1.3 Crops used in anaerobic digestion

Numerous plant species and plant residues have been tested for their methane potential. In principal, many varieties of grass, clover, cereals and maize, including whole plants, as well as rape and sunflower proved feasible for methane production. Hemp, flax, nettle, potatoes, beets, kale, turnip, rhubarb and artichoke have all been tested successfully. Some crops used for digestion are shown in Photos 1 to 4.

The literature typically refers to methane production in terms of m3 .t-1 Volatile Solids (VS). Volatile Solids refer to that portion of solids that are organic or dry and ash free; solids that can either combust or biodegrade. For example, 1 t of Volatile Solid has an energy value of about 19 GJ while 1 mn 3 of methane (CH4) has an energy value of ca. 38 MJ. Thus for conservation of energy the maximum production of methane is 500 m3 .t-1 VS (500 mn 3 CH4 * 38 MJ/mn 3 = 19,000 MJ = 19 GJ = 1 t VS). This value may increase for example due to the presence of alcohols and acids in silage liquors. Depending on specific process conditions, a fairly wide range of methane yields, between 120-658 m3 .t-1 VSadded, is reported in the literature from anaerobic digestion of different crops (Table 1). Recent German practical experience showed mean methane yields of 348 m3 .t-1 VS for ensiled maize and 380 m3 .t-1 VS for whole plant ensiled barley (KTBL, 2009). A comprehensive data bank on crop yields, appropriate climate and growth conditions was elaborated in the recent EU funded “CROPGEN” project (Cropgen, 2011).

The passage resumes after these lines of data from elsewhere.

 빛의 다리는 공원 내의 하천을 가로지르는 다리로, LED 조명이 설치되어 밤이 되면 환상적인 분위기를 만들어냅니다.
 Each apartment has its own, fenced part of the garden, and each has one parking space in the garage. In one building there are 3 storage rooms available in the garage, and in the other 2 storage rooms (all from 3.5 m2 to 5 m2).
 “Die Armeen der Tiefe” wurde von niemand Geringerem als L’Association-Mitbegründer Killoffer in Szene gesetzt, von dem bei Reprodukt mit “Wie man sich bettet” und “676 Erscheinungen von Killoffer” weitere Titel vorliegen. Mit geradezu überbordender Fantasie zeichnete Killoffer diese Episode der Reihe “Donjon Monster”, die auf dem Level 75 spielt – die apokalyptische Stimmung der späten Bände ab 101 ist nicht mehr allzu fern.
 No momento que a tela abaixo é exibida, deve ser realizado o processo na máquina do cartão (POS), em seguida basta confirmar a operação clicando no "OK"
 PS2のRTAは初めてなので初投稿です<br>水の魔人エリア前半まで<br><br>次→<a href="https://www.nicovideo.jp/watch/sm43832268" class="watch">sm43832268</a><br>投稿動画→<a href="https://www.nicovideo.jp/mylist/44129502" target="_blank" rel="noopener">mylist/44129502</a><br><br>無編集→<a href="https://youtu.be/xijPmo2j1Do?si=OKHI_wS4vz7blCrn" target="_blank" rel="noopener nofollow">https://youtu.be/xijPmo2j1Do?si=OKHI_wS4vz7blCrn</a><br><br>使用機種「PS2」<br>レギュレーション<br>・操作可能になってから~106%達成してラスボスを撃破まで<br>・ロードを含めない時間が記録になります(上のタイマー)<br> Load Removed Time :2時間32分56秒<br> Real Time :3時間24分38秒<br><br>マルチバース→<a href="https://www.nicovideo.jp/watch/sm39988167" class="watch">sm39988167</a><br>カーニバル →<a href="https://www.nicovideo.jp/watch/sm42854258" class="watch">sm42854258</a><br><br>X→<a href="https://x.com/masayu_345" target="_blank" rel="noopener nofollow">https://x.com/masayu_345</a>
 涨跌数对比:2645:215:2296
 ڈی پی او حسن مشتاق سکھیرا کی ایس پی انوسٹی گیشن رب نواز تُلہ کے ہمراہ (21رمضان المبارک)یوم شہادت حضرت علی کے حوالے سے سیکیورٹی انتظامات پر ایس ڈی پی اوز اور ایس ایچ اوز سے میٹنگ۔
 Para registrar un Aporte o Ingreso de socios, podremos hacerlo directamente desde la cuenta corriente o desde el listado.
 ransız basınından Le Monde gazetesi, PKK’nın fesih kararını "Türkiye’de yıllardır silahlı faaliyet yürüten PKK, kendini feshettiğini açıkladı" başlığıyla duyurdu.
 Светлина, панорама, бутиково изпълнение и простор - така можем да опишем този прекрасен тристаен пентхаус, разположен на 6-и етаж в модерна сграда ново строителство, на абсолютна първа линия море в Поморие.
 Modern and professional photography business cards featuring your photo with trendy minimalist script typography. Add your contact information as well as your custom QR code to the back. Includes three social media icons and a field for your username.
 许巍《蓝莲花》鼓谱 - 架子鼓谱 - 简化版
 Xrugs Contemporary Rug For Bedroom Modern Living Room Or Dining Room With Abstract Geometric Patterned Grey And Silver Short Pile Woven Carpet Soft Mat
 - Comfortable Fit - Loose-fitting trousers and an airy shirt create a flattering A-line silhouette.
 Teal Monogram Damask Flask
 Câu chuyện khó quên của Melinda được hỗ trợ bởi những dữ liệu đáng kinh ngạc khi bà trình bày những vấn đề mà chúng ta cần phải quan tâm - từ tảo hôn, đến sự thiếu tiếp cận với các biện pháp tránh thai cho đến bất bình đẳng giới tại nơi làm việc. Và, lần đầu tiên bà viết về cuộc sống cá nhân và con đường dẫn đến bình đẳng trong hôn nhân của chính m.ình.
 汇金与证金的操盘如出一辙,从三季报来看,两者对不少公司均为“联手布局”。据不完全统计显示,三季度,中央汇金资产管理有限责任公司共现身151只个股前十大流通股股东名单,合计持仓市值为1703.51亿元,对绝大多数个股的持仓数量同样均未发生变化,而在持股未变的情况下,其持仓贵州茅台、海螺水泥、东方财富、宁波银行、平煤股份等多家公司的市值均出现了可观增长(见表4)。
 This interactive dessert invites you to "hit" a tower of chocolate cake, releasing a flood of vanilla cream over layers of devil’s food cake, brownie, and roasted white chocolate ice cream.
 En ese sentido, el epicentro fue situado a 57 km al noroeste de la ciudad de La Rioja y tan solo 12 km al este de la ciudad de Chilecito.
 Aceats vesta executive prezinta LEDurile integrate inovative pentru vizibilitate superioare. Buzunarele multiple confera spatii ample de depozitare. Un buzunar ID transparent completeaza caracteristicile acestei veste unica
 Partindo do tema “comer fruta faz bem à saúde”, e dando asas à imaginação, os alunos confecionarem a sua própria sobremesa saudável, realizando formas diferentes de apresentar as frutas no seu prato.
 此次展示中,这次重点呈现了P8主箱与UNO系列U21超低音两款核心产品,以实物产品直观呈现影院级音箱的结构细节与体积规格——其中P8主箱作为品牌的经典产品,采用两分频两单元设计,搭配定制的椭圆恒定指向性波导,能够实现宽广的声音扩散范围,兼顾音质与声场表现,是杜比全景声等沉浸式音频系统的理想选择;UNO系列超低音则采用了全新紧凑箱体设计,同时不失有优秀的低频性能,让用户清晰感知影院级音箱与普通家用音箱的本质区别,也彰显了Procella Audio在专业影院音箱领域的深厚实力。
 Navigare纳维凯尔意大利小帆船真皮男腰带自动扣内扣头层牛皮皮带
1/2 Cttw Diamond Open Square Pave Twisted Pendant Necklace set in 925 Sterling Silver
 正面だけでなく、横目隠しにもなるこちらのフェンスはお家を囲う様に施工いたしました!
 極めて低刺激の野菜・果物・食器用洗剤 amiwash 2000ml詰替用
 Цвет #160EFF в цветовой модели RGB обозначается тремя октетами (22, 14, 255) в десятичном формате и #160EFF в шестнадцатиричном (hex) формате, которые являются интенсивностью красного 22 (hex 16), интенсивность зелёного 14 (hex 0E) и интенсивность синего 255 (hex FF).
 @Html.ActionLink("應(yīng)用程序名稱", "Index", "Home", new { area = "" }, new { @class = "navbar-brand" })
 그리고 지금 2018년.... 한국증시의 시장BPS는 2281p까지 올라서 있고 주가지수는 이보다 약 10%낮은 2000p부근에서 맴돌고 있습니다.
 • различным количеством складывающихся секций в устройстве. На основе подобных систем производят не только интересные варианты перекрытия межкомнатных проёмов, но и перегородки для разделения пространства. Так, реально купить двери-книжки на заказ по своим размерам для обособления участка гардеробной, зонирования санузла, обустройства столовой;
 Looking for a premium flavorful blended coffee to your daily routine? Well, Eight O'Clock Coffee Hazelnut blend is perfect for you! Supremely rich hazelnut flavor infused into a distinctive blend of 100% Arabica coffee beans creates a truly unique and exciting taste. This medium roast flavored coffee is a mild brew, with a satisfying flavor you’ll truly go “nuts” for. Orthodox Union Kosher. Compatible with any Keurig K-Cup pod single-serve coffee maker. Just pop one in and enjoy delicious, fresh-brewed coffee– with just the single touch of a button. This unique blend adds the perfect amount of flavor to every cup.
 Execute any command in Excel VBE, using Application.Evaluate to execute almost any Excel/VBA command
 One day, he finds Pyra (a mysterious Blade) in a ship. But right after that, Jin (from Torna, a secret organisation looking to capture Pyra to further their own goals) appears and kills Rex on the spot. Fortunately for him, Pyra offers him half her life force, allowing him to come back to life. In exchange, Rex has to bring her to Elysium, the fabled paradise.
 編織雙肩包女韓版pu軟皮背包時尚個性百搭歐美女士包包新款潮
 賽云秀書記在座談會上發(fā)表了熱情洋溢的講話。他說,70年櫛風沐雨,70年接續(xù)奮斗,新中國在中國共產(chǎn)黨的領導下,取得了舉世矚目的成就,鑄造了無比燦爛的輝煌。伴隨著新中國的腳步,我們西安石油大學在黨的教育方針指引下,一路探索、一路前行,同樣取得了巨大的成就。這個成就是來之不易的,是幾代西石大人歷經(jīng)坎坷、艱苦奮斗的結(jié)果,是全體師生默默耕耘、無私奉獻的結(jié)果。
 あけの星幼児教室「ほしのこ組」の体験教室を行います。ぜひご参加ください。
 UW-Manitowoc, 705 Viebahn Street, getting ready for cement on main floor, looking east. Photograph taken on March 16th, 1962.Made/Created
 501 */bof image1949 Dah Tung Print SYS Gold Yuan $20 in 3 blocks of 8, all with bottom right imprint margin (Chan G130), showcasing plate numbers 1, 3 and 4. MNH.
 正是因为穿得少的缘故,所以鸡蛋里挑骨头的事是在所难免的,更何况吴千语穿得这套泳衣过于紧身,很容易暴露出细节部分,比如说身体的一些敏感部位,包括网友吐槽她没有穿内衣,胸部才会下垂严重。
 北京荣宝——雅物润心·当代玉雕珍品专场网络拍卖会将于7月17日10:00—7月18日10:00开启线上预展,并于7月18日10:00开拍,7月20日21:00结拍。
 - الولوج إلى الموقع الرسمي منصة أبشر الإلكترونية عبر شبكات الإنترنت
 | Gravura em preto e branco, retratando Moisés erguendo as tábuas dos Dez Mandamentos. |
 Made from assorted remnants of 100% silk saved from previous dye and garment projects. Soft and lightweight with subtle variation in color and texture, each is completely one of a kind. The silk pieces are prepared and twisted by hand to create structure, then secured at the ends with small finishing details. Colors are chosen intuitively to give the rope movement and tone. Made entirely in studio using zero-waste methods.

Crops may be used for digestion directly after harvest. For year round availability of substrates, crops are frequently stored in silage clamps. Grass, for example, may be ensiled in a clamp or pit or it may be baled. In Irish conditions pit silage has a dry solids (DS) content of approximately 22% while bale silage has a dry solids content of about 30%. In drier climates such as Austria, grass is wilted (partially dried after cutting) prior to collection from the field and the resulting silage can have a dry solids content of up to 40%. The time of harvest varies for differing crops. Grass may be cut between two and five times in a season; the first harvest is as early as May (in the northern hemisphere). Sugar beet is harvested later than most crops, typically between November and January. Staggered harvest improves the possibility for co-digestion of fresh crops and reduces the amount of storage capacity required. The time of harvest can influence bio-degradability, and hence the methane yield. Late harvest (with longer growing period) usually leads to higher lignin content in grasses (Figure 2), causing slower bio-degradation and lower methane yield. Work in Ireland indicated a yield of 440 m3 CH4. t-1 VSadded for grass silage from an early harvest of perennial rye grass (Thamsiriroj & Murphy, 2011) though average values from the scientific literature are lower, reflecting the fact that later cuts have a higher fibre content.